Additionally, if patients of the covered entity choose to have their prescription filled at a pharmacy not affiliated with the hospital, the drug would be ineligible for the discount.
The guidance also would allow manufacturers to audit covered entities if the manufacturer "has reasonable cause" to believe that the entity is providing duplicate discounts to Medicaid patients or diverting drugs to ineligible patients.
The draft did not address how hospitals should be using the revenues from 340B discounted drugs.
In separate statements, the Biotechnology Industry Organization (BIO) as well as the industry group AIR340B said they are still reviewing the proposed guidance with the hope that it will increase program accountability and oversight.

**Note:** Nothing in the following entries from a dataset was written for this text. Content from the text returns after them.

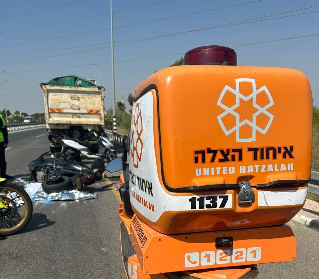 "מדובר בתאונה עם מעורבות אופנוע ומשאית. הענקנו סיוע ראשוני בזירת התאונה לרוכב האופנוע שנפצע באורח בינוני. לאחר מכן הוא פונה לבית החולים שיבא-תל השומר כשהוא סובל מחבלות ופציעות בגפיים".
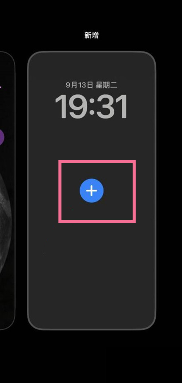 1、长按锁屏界面,滑动到最右侧的新增,点击加号。
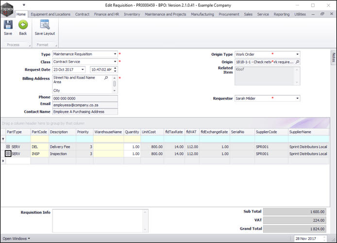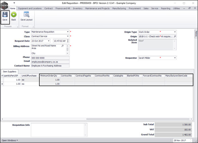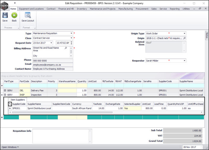 Requisitions - Add, Edit, Delete Item Supplier
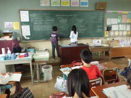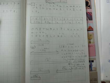 かける数が小数の場合も整数のときと同じように線分図に表せることを確かめ,かける数が小数の場合の計算方法を考えています。
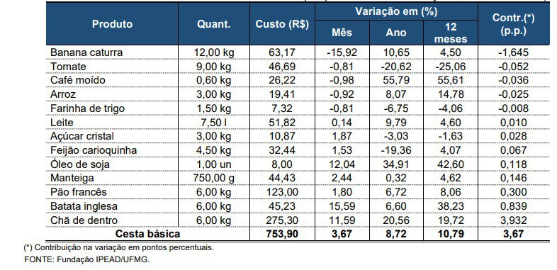 Ao se considerar a importância relativa de cada produto, os que mais contribuíram para a alta de 3,67% do custo da cesta básica em BH foram chã de dentro (3,93 p.p.), batata inglesa (0,84 p.p.) e pão francês (0,30 p.p.). No ano, o item com maior variação positiva é o café moído (55,79%) e o item com a maior variação negativa é o tomate (-20,62%).

The hospital group 340B Health (formerly Safety Net Hospitals for Pharmaceutical Access) also is reviewing the guidance. "There are gray areas in the program and we look forward to having more clarity," the group said in a statement, adding that it hopes "safety-net healthcare providers will not find themselves limited in their ability to meet their missions to treat the underserved."
The draft guidance will be published in the Federal Register on Friday. Comments are due Oct. 27.